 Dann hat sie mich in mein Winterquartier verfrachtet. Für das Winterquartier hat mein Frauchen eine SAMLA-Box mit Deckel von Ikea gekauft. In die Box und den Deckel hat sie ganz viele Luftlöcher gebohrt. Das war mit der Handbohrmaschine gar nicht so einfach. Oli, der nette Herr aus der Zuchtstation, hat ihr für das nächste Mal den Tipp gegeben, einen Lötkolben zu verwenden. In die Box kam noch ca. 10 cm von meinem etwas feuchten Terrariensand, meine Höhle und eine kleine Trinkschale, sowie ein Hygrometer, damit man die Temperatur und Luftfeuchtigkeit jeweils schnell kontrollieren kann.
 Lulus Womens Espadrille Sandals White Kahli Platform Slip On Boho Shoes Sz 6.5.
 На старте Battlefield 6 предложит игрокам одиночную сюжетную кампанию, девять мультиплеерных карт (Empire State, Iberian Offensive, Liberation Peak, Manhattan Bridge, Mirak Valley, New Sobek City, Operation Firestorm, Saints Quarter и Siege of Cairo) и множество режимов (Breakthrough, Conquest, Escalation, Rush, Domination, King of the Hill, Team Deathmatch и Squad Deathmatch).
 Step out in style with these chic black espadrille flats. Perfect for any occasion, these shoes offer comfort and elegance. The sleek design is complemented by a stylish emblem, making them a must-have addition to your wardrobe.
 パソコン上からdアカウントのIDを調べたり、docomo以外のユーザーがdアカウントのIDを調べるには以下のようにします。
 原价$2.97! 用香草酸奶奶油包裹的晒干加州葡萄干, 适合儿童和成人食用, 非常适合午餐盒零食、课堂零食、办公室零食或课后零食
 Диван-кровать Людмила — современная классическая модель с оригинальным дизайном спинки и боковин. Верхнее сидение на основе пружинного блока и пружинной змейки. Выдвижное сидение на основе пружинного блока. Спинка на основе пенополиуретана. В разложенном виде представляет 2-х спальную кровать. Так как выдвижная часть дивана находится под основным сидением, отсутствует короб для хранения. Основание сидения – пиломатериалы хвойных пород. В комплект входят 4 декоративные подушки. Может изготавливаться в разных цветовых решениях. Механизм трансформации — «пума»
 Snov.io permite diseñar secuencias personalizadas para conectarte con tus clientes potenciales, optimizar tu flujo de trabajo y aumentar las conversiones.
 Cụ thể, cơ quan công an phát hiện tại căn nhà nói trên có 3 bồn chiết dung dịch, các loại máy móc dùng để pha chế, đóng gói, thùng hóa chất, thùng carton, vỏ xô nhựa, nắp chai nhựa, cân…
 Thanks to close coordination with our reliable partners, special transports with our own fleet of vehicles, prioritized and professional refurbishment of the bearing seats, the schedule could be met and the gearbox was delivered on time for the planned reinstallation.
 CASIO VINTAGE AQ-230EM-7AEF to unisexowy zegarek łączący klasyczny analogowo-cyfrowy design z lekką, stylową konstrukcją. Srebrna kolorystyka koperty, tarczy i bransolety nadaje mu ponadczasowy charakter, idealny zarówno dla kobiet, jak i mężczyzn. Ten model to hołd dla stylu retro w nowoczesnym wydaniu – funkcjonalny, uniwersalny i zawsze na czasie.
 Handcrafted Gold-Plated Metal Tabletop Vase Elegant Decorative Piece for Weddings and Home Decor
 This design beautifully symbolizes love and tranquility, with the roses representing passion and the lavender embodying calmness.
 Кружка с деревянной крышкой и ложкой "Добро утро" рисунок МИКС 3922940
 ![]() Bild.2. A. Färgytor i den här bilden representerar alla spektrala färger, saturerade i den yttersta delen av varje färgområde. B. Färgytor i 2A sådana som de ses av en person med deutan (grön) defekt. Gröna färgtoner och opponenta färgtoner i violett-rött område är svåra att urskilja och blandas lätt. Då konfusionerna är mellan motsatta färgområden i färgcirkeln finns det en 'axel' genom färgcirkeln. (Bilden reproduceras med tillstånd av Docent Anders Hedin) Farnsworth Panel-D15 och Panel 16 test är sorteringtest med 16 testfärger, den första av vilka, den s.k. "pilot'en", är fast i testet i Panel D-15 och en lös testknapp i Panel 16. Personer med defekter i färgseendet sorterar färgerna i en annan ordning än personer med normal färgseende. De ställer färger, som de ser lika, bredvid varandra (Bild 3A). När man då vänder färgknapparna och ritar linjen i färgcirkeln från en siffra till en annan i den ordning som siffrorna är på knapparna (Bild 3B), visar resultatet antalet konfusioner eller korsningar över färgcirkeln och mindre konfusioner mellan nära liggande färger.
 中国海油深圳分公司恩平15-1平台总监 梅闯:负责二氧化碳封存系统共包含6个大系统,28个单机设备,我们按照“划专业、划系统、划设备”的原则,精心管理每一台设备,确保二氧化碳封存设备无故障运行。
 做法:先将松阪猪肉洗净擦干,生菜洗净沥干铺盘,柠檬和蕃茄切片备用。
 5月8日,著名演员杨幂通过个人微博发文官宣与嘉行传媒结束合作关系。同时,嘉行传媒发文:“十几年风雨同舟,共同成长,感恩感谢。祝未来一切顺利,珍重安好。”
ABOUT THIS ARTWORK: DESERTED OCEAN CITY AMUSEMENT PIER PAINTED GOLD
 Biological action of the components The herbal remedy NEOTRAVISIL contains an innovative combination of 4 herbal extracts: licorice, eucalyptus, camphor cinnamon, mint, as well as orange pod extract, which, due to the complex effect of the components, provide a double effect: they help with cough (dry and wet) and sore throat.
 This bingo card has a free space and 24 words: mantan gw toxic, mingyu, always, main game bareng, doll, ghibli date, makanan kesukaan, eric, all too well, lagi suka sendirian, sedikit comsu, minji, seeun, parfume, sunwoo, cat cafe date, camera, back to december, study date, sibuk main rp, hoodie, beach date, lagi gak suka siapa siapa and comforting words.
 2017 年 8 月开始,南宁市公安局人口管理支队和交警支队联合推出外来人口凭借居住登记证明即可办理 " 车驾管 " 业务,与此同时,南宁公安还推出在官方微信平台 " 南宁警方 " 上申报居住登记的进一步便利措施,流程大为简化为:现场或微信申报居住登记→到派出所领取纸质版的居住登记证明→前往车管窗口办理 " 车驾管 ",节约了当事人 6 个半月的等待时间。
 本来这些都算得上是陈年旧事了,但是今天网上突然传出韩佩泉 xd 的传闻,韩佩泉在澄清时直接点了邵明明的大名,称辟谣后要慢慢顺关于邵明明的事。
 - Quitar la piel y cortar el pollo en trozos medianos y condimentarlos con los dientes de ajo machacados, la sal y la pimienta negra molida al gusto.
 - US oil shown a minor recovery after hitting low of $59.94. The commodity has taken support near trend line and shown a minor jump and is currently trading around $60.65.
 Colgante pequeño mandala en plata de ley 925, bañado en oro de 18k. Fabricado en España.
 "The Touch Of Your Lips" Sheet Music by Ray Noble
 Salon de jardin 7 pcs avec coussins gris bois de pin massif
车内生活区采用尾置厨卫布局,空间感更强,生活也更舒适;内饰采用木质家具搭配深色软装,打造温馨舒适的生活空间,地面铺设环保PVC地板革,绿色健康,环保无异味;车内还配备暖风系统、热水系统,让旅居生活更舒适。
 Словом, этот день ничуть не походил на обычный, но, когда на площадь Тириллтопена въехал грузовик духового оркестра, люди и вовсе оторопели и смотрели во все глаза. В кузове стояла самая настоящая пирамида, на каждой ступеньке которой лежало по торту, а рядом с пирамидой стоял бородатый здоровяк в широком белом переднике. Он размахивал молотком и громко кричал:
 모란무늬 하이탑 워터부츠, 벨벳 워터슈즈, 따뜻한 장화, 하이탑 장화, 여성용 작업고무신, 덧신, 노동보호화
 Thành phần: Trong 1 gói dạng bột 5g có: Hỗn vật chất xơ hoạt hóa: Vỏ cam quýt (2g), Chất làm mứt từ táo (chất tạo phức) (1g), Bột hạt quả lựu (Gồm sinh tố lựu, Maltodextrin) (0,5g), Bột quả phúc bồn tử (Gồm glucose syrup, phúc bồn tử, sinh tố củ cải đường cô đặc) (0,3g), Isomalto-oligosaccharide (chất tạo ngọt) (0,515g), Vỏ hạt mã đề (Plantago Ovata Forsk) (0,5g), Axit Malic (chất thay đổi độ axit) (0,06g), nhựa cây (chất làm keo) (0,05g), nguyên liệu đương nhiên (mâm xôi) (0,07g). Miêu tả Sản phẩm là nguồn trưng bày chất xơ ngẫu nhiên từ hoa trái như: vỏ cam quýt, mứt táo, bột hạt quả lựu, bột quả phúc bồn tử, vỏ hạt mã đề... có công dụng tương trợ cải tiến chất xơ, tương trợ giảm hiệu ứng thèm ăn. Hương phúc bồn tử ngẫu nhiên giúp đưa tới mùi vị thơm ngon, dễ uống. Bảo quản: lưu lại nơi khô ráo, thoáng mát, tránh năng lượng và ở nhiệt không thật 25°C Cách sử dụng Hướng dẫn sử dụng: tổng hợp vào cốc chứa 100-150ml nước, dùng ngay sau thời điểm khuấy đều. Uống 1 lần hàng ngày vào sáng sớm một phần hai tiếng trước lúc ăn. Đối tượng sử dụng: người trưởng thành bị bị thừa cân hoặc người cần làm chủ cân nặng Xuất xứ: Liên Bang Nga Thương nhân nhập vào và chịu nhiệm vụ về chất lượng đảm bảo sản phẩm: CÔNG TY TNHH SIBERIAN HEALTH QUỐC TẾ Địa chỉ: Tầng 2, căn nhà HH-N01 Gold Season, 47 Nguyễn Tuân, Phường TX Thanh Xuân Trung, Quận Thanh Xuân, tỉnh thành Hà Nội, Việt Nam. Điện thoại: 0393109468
.....
Instructions to follow:
Go through the records and report each line that contains "well".

Final answer:
 Biological action of the components The herbal remedy NEOTRAVISIL contains an innovative combination of 4 herbal extracts: licorice, eucalyptus, camphor cinnamon, mint, as well as orange pod extract, which, due to the complex effect of the components, provide a double effect: they help with cough (dry and wet) and sore throat.
 This bingo card has a free space and 24 words: mantan gw toxic, mingyu, always, main game bareng, doll, ghibli date, makanan kesukaan, eric, all too well, lagi suka sendirian, sedikit comsu, minji, seeun, parfume, sunwoo, cat cafe date, camera, back to december, study date, sibuk main rp, hoodie, beach date, lagi gak suka siapa siapa and comforting words.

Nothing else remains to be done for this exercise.